Pokémon Go similar to game students created at hackathon in 2014 - srcreigh
http://www.cbc.ca/news/canada/kitchener-waterloo/pok%C3%A9mon-go-similar-to-game-students-created-at-uw-competition-in-2014-1.3676833
======
srcreigh
Here's a summary of what they built (in 36 hours) based on the demo video:

    
    
        1. Pokemon-style map generation based on the 
           actual physical map
        2. Pebble app listing nearby pokemon + pokemon
           in roster
        3. Battle UI + mechanics
        4. Wit.AI (or similar API)-based voice commands
            a. Tell your pokemon what move to use
            b. Challenge another player
            c. Open pokedex
            d. Close pokedex
        5. Myo armband throw Pokeball motion
        6. Multiplayer: two players discover each
           other via GPS and can battle (implemented
           via Socket.IO)
        7. Pokedex recording pokemon you catch
        8. Leap Motion to pet your pokemon
    

Hackathons often have API prizes, which is why you see a lot of features that
use APIs / hardware (Wit.AI, Myo, Leap Motion). What I really love is that the
integrations were very natural: throwing Pokeballs, voice commands.

------
throwaway2016a
Kudos to the team that made that. I'm curious if they thought to approach
Nintendo and if Nintendo would have been interested (I don't think they were
into mobile yet).

FYI Pokemon Go is based on (and by the same people I think) as Ingress [1]
which has been around since 2013.

Although, Pokemon the challenge of the app has been scaling it due to it's
instant popularity. The "find Pokemon on an actual map" part is in my opinion
not the biggest challenge.

As others have pointed out, Google also had something similar.

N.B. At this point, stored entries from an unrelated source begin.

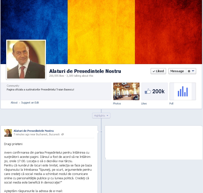 „Pentru noi, sustinatorii Presedintelui, Facebook a fost locul in care am putut comunica direct, fara presiuni si interventii. Poate a venit timpul sa ne vedem si fata in fata, ce spuneti? Cum suna o intalnire cu domnul Traian Basescu in care sa vorbim despre rolul Internetului si al social media in comunicarea directa si nemijlocita? Oare dansul ar vrea?”, se arata pe pagina de Facebook.
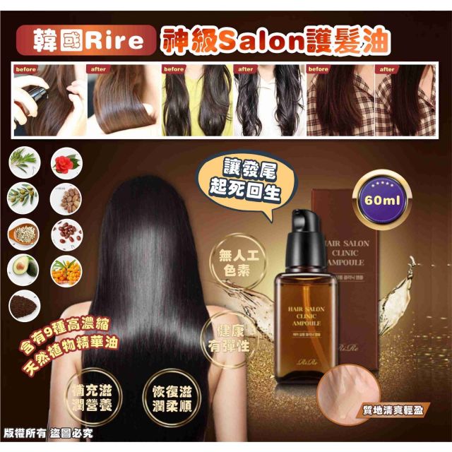 韓國 Rire 神級 Salon 護髮油60ml (11月尾)
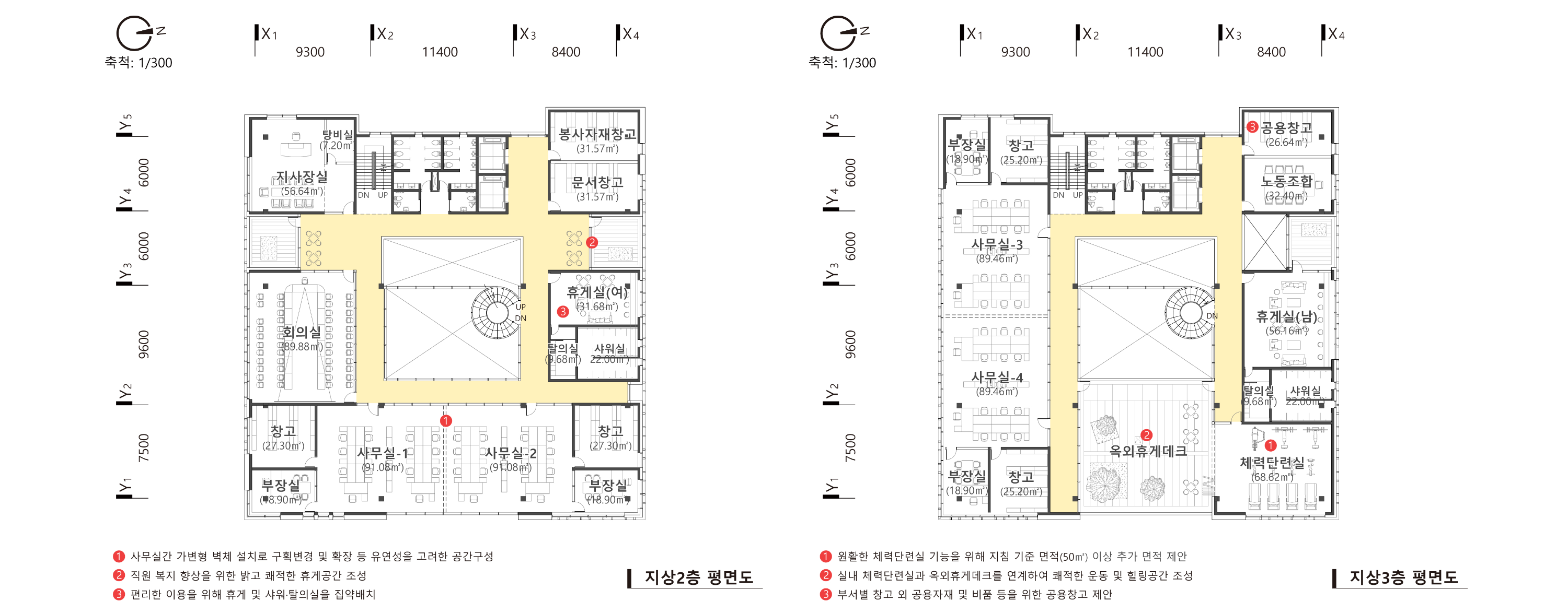 2층은 기능에 따라 사무영역과 휴게 및 편의 영역을 구분하여 조닝하여 효율적인 업무가 가능한 동선을 계획했다. 모든 실은 중정을 바라볼 수 있는 순환형 복도를 따라 배치되어 막힘없는 동선을 조성하였고, 중정공간에 조성된 녹지와 중심공간까지 끌어들인 자연광을 통해 밝고 쾌적한 내부환경을 만들어주었다. 채광을 고려하여 사무영역은 동향-남향에 이르는 공간으로 계획하고, 편의 및 코어를 서향-북향으로 위치시켜 순환동선을 통한 연결은 가능하지만 영역별 조닝을 통해 사무영역과 휴게영역을 구분하였다. 지사장실과 회의실은 인접배치하여 업무효율을 높여주었고, 사무실은 집약배치하여 부서별 필요에 따라 유연한 사용이 가능한 가변공간으로 계획하여 공간의 활용성을 높였다. 3층은 체력단련실의 폴딩도어를 통해 쉽게 접근 가능한 옥외공간을 통해 직원들이 편히 휴식할 수 있는 공간을 계획했다.
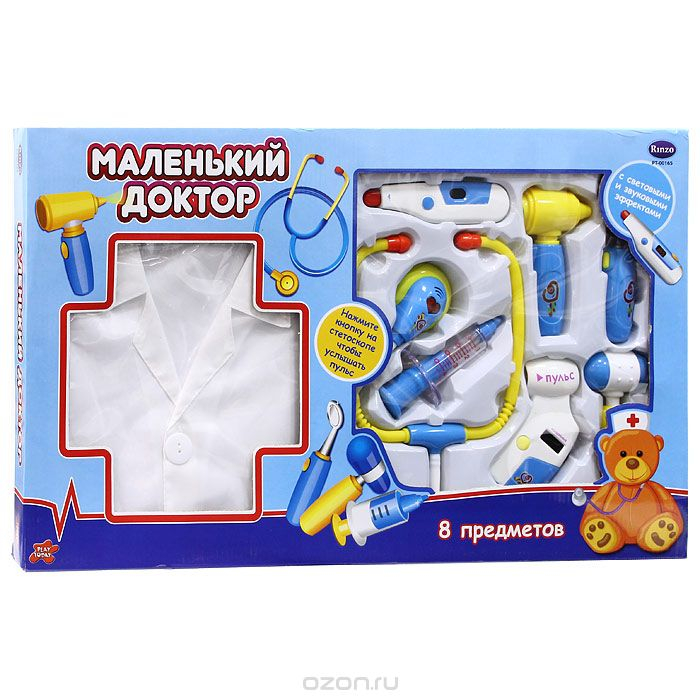 Наборы Маленький доктор. Оба хороши! В одном есть халат и инструменты со звуками, другой полон невероятных медицинских приборов.
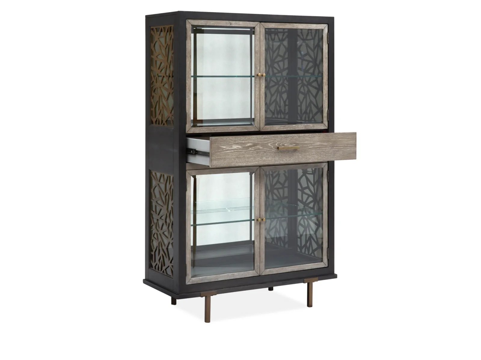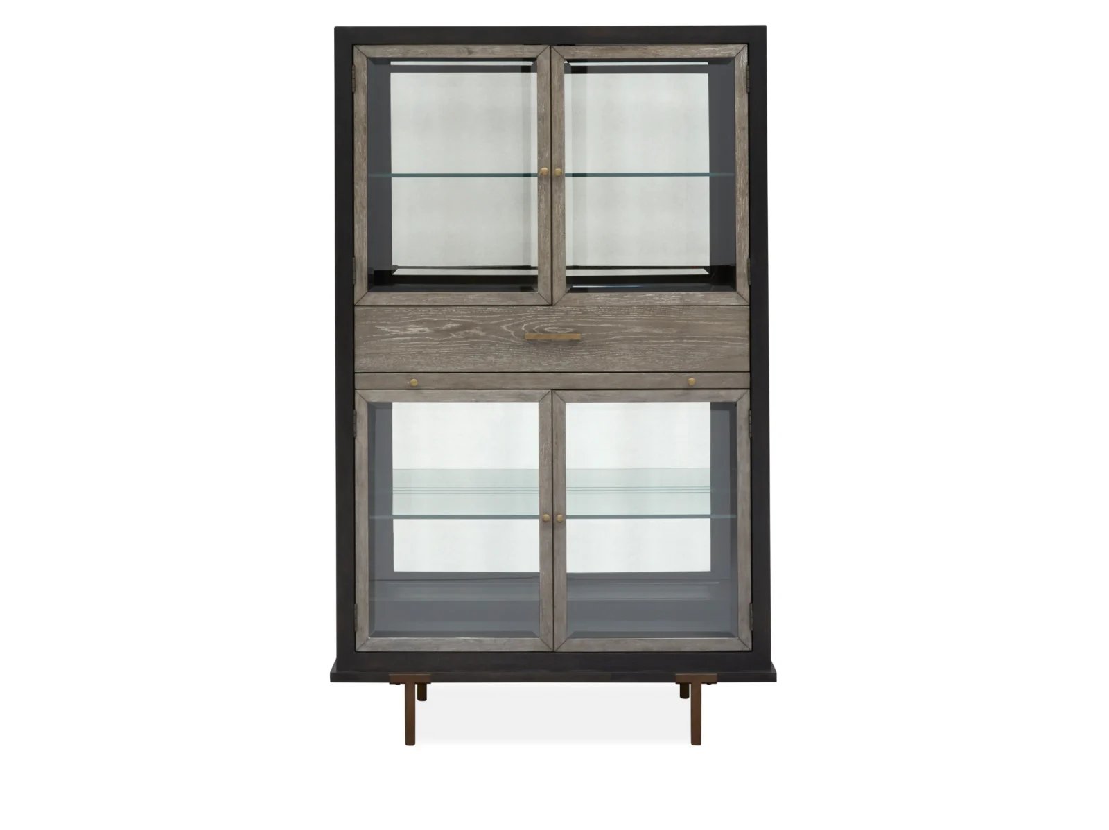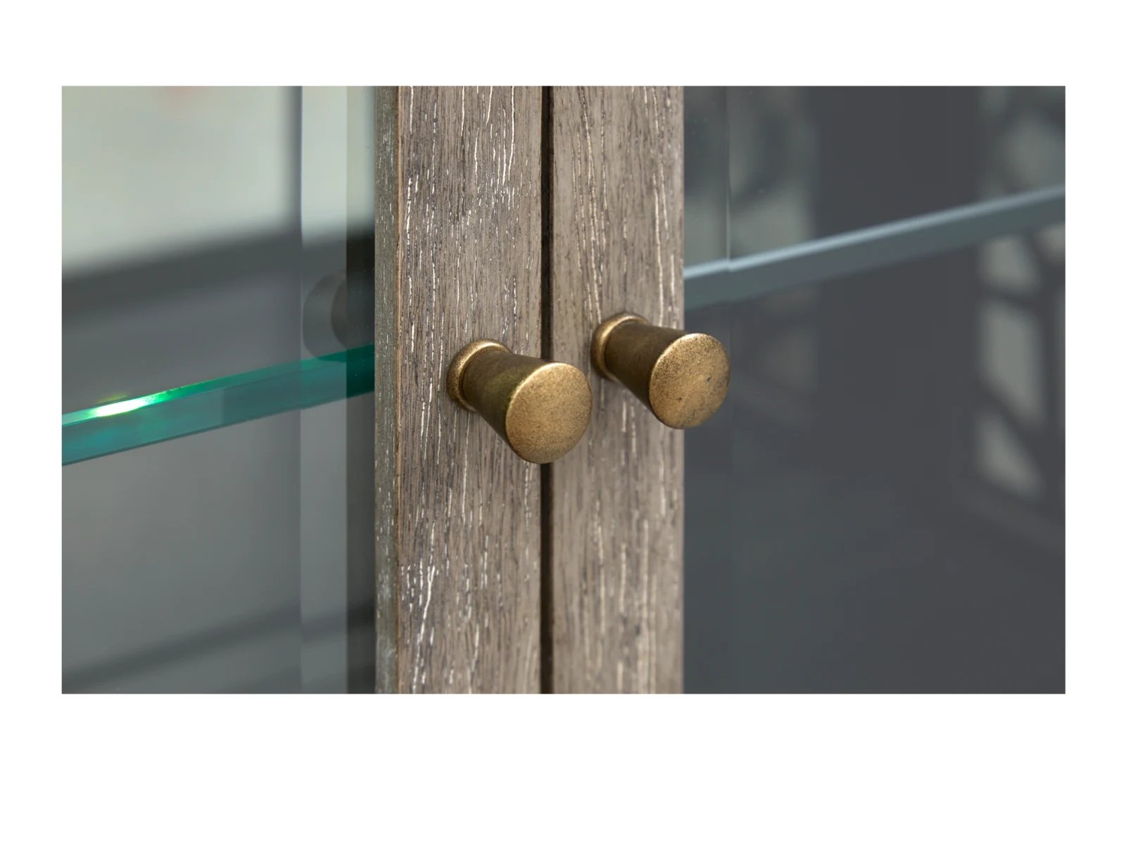 - 1 fixed glass shelf w/plate grooves behind each top & bottom door

1\. [https://www.ingress.com/](https://www.ingress.com/)

------
rajington
It's also similar to the April Fool's joke Google did earlier that year...
[https://www.youtube.com/watch?v=4YMD6xELI_k](https://www.youtube.com/watch?v=4YMD6xELI_k)

------
legojoey17
No kidding! According to the article it says they made a DS ROM too, which
seems like a super fun hack!

------
moaazsidat
We need someone to build a similar thing for Yu-Gi-Oh! That'd be wicked!

------
asdera123
lol twice the features too. the world's still waiting for digimon go. HTN
2016?

------
lucyyu
So ahead of their time